What to Follow Right Now: Reality Won’t Cooperate
Trump keeps trying to govern by declaration, but war, markets, and material facts are refusing the script.
Mary’s roundup this morning gets to the rot at the center of this presidency. The problem is not just that Trump lies, boasts, or wanders off into one of his usual clouds of nonsense. It is that he governs as if reality is a sucker, something that can be conned, flattered, or shouted down. In her piece, that shows up in the phony certainty around Iran, the used-car-salesman triumphalism in Memphis, and the broader spectacle of a man forever trying to replace facts with his preferred storyline. What to follow right now is the point where the storyline stops cooperating.
On Iran, Trump talked like diplomacy was humming along beautifully because he had declared it so. But Iran denied direct talks, and the strikes kept coming. That is the real headline. Not his stage-managed fog of reassurance, but the plain fact that the war keeps ignoring his script. He can pose as the master dealmaker all he wants, but missiles have a way of ruining the mood.
That is why the energy story matters more than whatever nonsense is spilling out of his mouth. Once markets, governments, and supply chains start reacting, the damage has escaped the theater. Oil climbing back above $100 and the Philippines declaring a national energy emergency are signs that this is moving out of the realm of bluster and into the hard plumbing of daily life. Shipping, fuel costs, inflation, household strain. Reality gets much less abstract when it starts charging interest.
Memphis is the domestic version of the same hustle. Trump cast the city as a gleaming testimonial to his own greatness, but the reporting points to a more complicated truth, which is usually what happens when you scrape away the gold paint. Crime may be down, but local conditions are far messier than his victory lap suggests, and the deeper problems were there long before he swooped in to claim credit. Even the Graceland stop felt grotesquely on brand. War, disruption, public safety, airport turmoil, and still the day had to pause for one more installment of the world’s tackiest one-man pageant.
So, the real question this afternoon is not whether Trump will keep pretending he has bent events to his will.
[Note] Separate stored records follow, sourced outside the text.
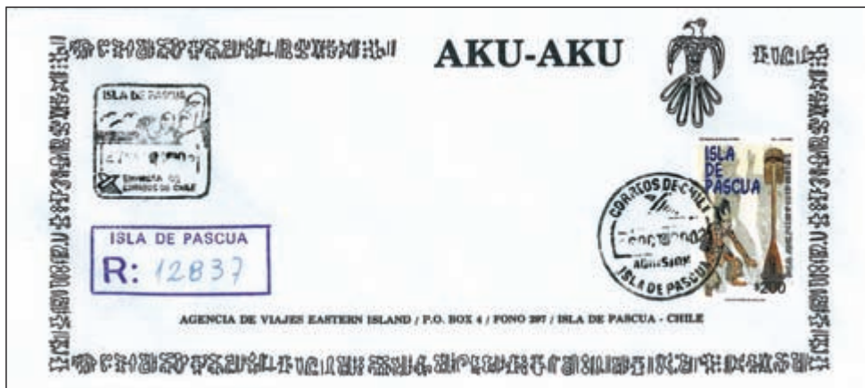
Intra-island registered cover to a local travel agency.

A few other nations have released stamps with island motifs as well. The most notable is an issue in the 2003 250th Anniversary of the British Museum set (Scott 2164, SG 2409). This shows one of the prized possessions of the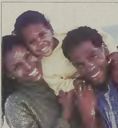
THE STOCK MARKET

Bishop TD Jakes doesn't want to give up on the traditional black family and wants others to adopt the same mind set.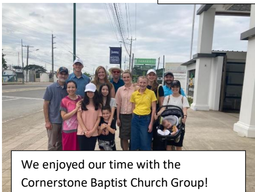
We enjoyed our time with the Cornerstone Baptist Church Group!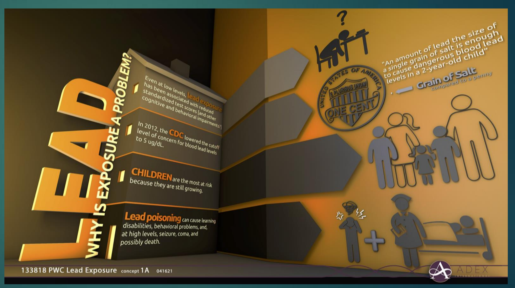
Concept Render, ADEX International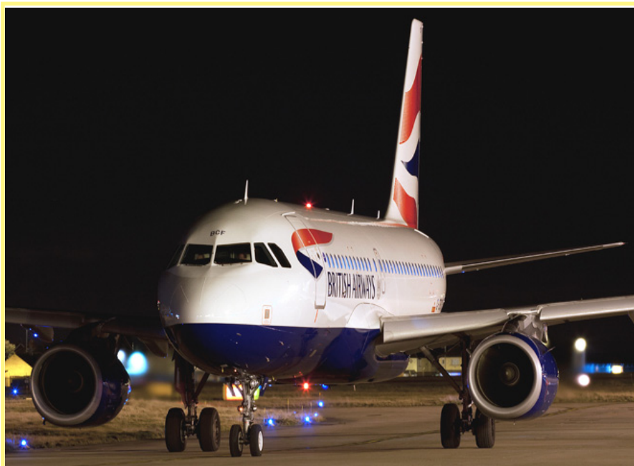
G-DBCF Airbus A.319 of British Airways Taxiing for departure at LBIA, 09/12/12 Robert Burke

That is his only move. The question is where reality hits back hardest. Watch for anything concrete on Iran, any sign that energy disruption is spreading further through the global economy, and any effort to turn Memphis into a larger governing model built on self-congratulation, selective storytelling, and televised delusion. The through-line is not merely dishonesty. It is a presidency run like a branding exercise, colliding in real time with a world that stubbornly refuses to play along.




Really, guys, Memphis and especially Graceland were totally appropriate. After all, we know that Trump is the world's best interior decorator (I'm sure he said that somewhere!) and the Graceland visit was just for him to get some ideas for the Kennedy Center and the Ballroom. Sheesh! Try to keep up!